Leandro Lima

Personal information
- Full name: Leandro Matheus Rodrigues Lima
- Date of birth: 26 December 2001
- Place of birth: São Paulo, Brazil
- Date of death: 30 March 2025 (aged 23)
- Place of death: Prostějov, Czech Republic
- Height: 1.76 m (5 ft 9 in)
- Position: Right winger

Youth career
- 2017: Ponte Preta
- 2018–2019: São Bernardo FC
- 2019: → Fluminense (loan)
- 2019–2020: Oeste
- 2020: Bahia
- 2021–2022: São Bernardo FC

Senior career*
- Years: Team / Apps / (Gls)
- 2019: São Bernardo FC / 1 / (0)
- 2019–2020: Oeste / 0 / (0)
- 2020: Bahia / 0 / (0)
- 2021–2022: São Bernardo FC / 0 / (0)
- 2022: União Mogi / 9 / (7)
- 2022–2025: FK Pardubice / 19 / (1)
- 2023: → Samgurali Tskaltubo (loan) / 8 / (0)
- 2024–2025: → Prostějov (loan) / 12 / (2)
- Total:  / 49 / (10)

= Leandro Lima (footballer, born 2001) =

Brazilian footballer (2001–2025)

Leandro Matheus Rodrigues Lima (26 December 2001 – 30 March 2025), better known as Leandro Lima, was a Brazilian professional footballer who played as right winger.

==Career==
Having played in the youth sectors of Ponte Preta, São Bernardo FC, Oeste and Bahia, Leandro Lima began his professional career in 2019 when 17 years old, playing for São Bernardo FC in the 2019 Campeonato Paulista Série A2, returning to the youth sectors where he competed in under-20 competitions as Copa São Paulo de Futebol Jr. and Campeonato Brasileiro Sub-20. In 2022, he played in the Campeonato Paulista Segunda Divisão for União Mogi, standing out with seven goals in nine matches for the team. His good performance earned him a signing with FK Pardubice in the Czech First League.

Lima played his debut match in the Pardubice jersey on 31 July 2022, against Dynamo České Budějovice, when Pardubice suffered a 2–0 home defeat. He scored his first goal in the first team against Baník Ostrava on 28 May 2023. In the 2023–24 season, he played only one match in the first team and became more of a reserve player. He was subsequently loaned to Samgurali Sealtubo of the Georgian First Division, where he made 12 appearances in total. For the 2024–25 season, he was loaned out again, this time to 1. SK Prostějov, where he played 12 matches and scored two goals in the 2024–25 Czech National Football League.

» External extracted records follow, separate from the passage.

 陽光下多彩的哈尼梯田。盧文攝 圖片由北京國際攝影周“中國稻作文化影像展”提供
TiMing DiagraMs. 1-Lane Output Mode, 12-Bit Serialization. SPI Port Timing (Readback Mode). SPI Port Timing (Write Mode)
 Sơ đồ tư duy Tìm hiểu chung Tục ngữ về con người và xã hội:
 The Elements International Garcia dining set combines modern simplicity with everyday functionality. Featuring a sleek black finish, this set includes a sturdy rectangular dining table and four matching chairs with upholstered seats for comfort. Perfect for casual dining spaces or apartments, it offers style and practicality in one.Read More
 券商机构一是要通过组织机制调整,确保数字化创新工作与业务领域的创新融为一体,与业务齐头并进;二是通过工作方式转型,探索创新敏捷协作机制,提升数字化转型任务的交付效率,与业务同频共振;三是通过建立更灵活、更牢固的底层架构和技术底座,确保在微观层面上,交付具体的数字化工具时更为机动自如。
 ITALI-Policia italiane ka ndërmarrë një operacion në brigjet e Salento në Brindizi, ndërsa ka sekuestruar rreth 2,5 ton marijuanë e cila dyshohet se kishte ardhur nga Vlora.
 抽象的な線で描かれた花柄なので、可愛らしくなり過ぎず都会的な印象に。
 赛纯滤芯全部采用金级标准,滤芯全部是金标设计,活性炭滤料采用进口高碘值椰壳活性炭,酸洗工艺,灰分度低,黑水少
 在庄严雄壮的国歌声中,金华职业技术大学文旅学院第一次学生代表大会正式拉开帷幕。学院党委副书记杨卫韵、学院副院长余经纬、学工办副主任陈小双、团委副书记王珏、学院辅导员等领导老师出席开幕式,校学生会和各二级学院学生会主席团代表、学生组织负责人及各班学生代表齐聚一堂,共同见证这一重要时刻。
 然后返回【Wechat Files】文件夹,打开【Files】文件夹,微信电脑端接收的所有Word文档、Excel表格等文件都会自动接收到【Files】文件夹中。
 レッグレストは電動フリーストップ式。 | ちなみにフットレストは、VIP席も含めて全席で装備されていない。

==Personal life and death==
Leandro Lima was also brother of the footballer Léo Jabá.

Lima died suddenly in his apartment in the city of Prostějov, Czech Republic, on 30 March 2025, at the age of 23. His death was announced on FK Pardubice's social media and later confirmed by Leo Jabá, with whom Lima had spoken a few hours earlier.